(Exercise goal) Leave out the pictures and reproduce all of the data exactly.

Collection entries
####################

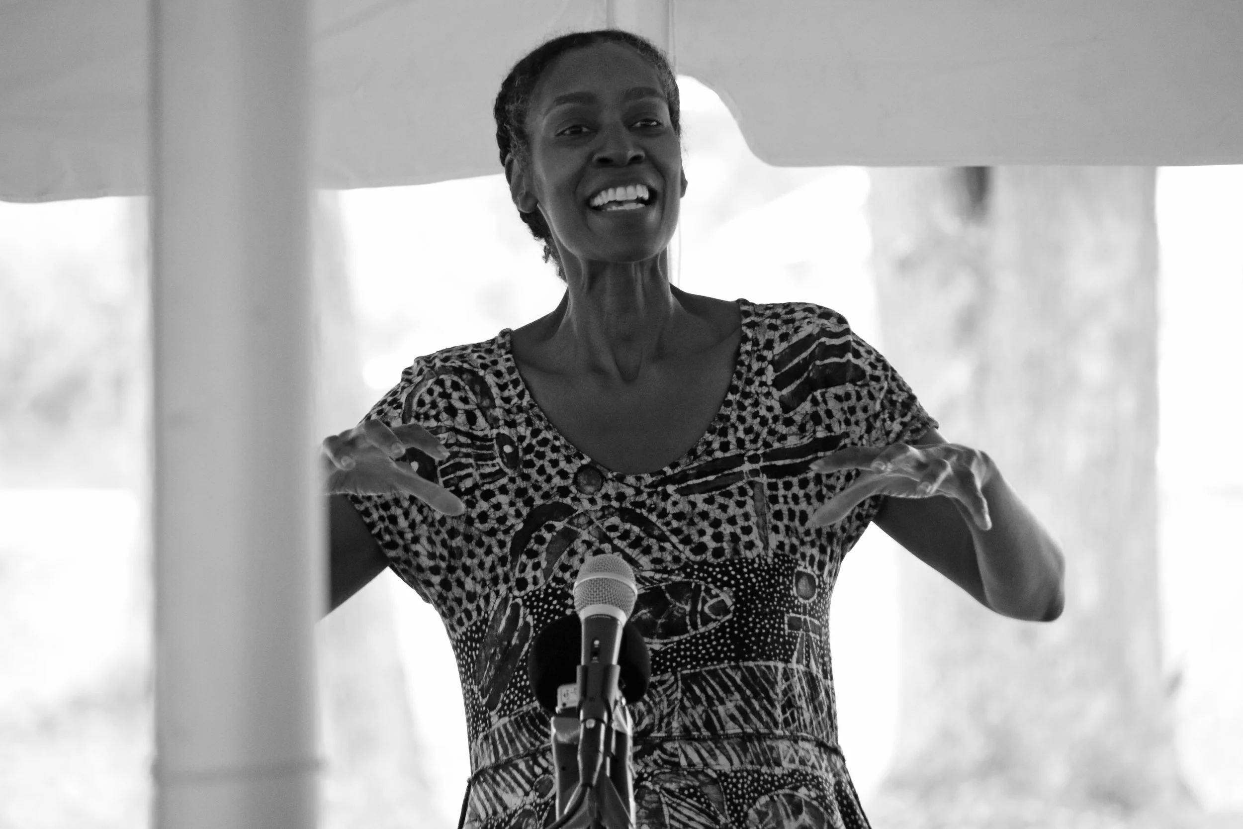 No ceremony honoring African Americans would be complete without storytelling in the tradition. Following Diane Macklin’s captivating depiction of Zora Neal Hurston at the Victorian Chautauqua in July, she was commissioned to return for the dedication ceremony. Diane crafted a central theme, "We are together," engaging the audience from start to finish. As she called out, "We are," the audience called back, "together," punctuating Diane's underlying message.
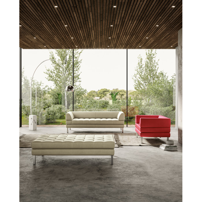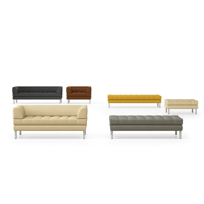 كراسي بذراع واحد، وأرائك، ومقاعد بمقعد واحد، أو بمقعدين أو ثلاثة مقاعد مع مقاعد مبطنة للمناطق الانتظارية.
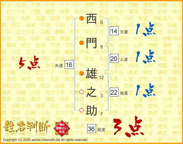 西門雄之助さんの総運は36画の3点!
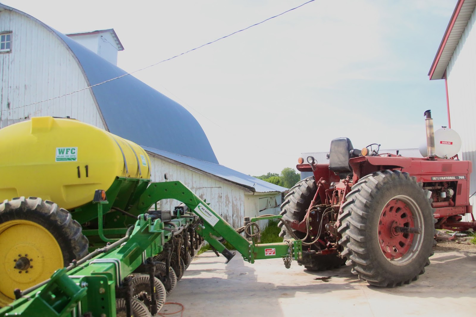 This is one of my favorite pictures from this entire spring. Like father, like son! Dad + Carson, loading up the planter with seed, in preparation to head to the fields to plant.
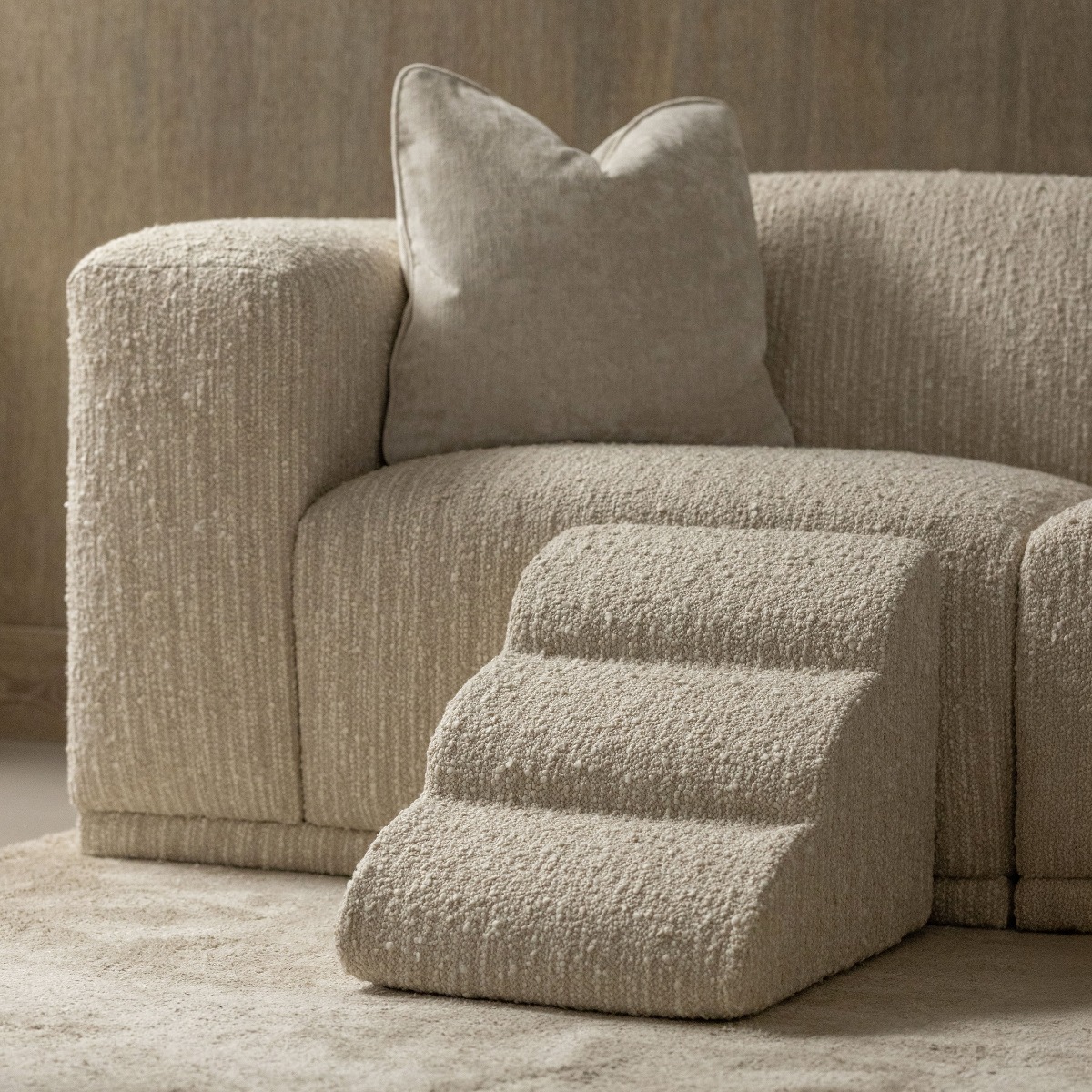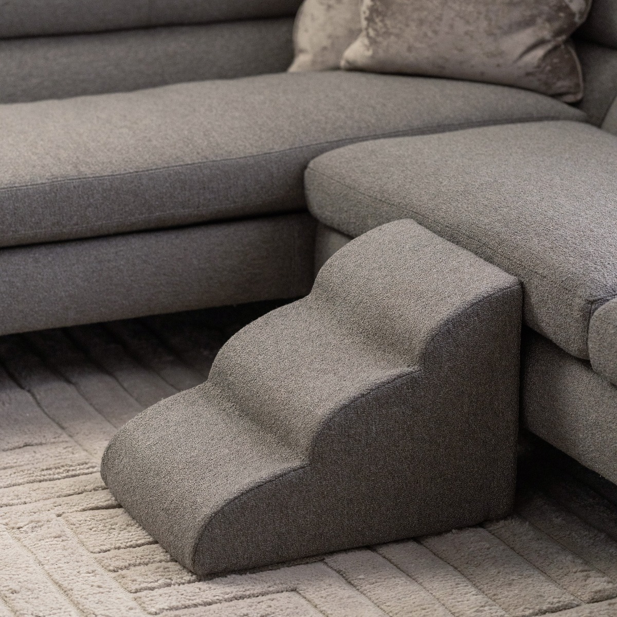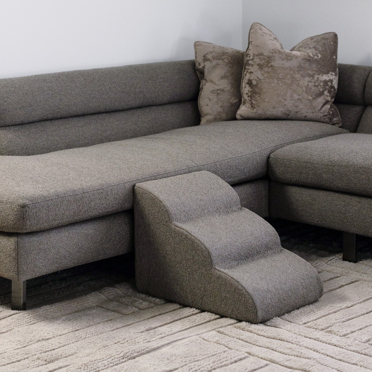 Give your tiny companion a big boost with our custom upholstered pet steps, designed to match your sofa, bed or chair. Our stairs, designed with sturdy, lightweight foam construction are available in 3, 4 or 5 step configurations are handcrafted in your choice of IH fabrics or COM. Treat your pet to safety and confidence—because every little dog deserves access to the big, cozy moments.
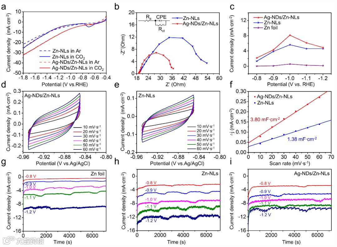 图4(a)ZnNLs和AgNDs/ZnNLs在饱和CO2或Ar后的0.1 M KHCO3电解液中测得的LSV曲线;(b)ZnNLs和AgNDs/ZnNLs的尼奎斯特曲线;(c)不同电位下Zn箔、Zn-NLs和AgNDs/ZnNLs的2h平均CO部分电流密度;(d-e)在Ar饱和后的0.1 M KHCO3电解液中测得(d)Ag-NDs/Zn-NLs与(e)Zn-NLs的CV曲线;(f)Ag-NDs/Zn-NLs和Zn-NLs的充电电流密度差(Δj)与扫速的相关图;(g-i)不同电位下(vs. RHE,经过欧姆补偿)在CO2饱和的0.1 M KHCO3电解液中测得的2小时内随时间变化的(g)Zn箔的,(h)Zn-NLs的,(i)Ag-NDs/Zn-NLs的电流密度曲线。
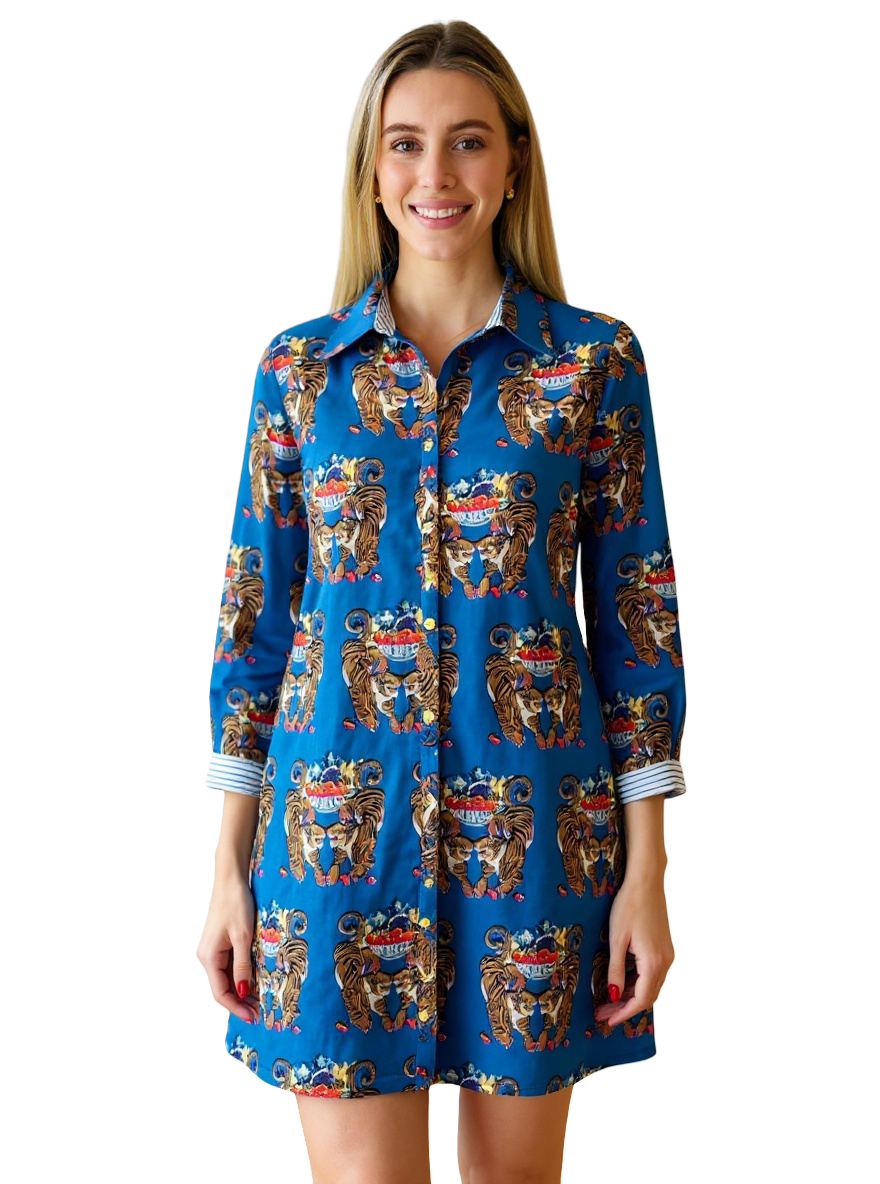 A cotton button front wear-anywhere style shirt dress with striped trim detailing and gold buttons. This is a tailored side pocket dress perfect to pair with boots and leggings or your everyday flats. Model is 5’9”wearing a size X-Small.
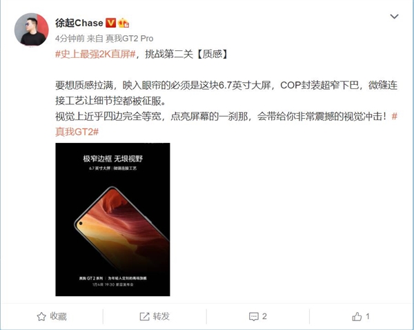 徐起表示,realme GT2 Pro采用了COP封装工艺,实现了超窄下巴,视觉上近乎四边完全等宽,点亮屏幕的一刹那,会带给你非常震撼的视觉冲击。

####################

(Final answer)
 No ceremony honoring African Americans would be complete without storytelling in the tradition. Following Diane Macklin’s captivating depiction of Zora Neal Hurston at the Victorian Chautauqua in July, she was commissioned to return for the dedication ceremony. Diane crafted a central theme, "We are together," engaging the audience from start to finish. As she called out, "We are," the audience called back, "together," punctuating Diane's underlying message.
 كراسي بذراع واحد، وأرائك، ومقاعد بمقعد واحد، أو بمقعدين أو ثلاثة مقاعد مع مقاعد مبطنة للمناطق الانتظارية.
 西門雄之助さんの総運は36画の3点!
 This is one of my favorite pictures from this entire spring. Like father, like son! Dad + Carson, loading up the planter with seed, in preparation to head to the fields to plant.
 Give your tiny companion a big boost with our custom upholstered pet steps, designed to match your sofa, bed or chair. Our stairs, designed with sturdy, lightweight foam construction are available in 3, 4 or 5 step configurations are handcrafted in your choice of IH fabrics or COM. Treat your pet to safety and confidence—because every little dog deserves access to the big, cozy moments.
 图4(a)ZnNLs和AgNDs/ZnNLs在饱和CO2或Ar后的0.1 M KHCO3电解液中测得的LSV曲线;(b)ZnNLs和AgNDs/ZnNLs的尼奎斯特曲线;(c)不同电位下Zn箔、Zn-NLs和AgNDs/ZnNLs的2h平均CO部分电流密度;(d-e)在Ar饱和后的0.1 M KHCO3电解液中测得(d)Ag-NDs/Zn-NLs与(e)Zn-NLs的CV曲线;(f)Ag-NDs/Zn-NLs和Zn-NLs的充电电流密度差(Δj)与扫速的相关图;(g-i)不同电位下(vs. RHE,经过欧姆补偿)在CO2饱和的0.1 M KHCO3电解液中测得的2小时内随时间变化的(g)Zn箔的,(h)Zn-NLs的,(i)Ag-NDs/Zn-NLs的电流密度曲线。
 A cotton button front wear-anywhere style shirt dress with striped trim detailing and gold buttons. This is a tailored side pocket dress perfect to pair with boots and leggings or your everyday flats. Model is 5’9”wearing a size X-Small.
 徐起表示,realme GT2 Pro采用了COP封装工艺,实现了超窄下巴,视觉上近乎四边完全等宽,点亮屏幕的一刹那,会带给你非常震撼的视觉冲击。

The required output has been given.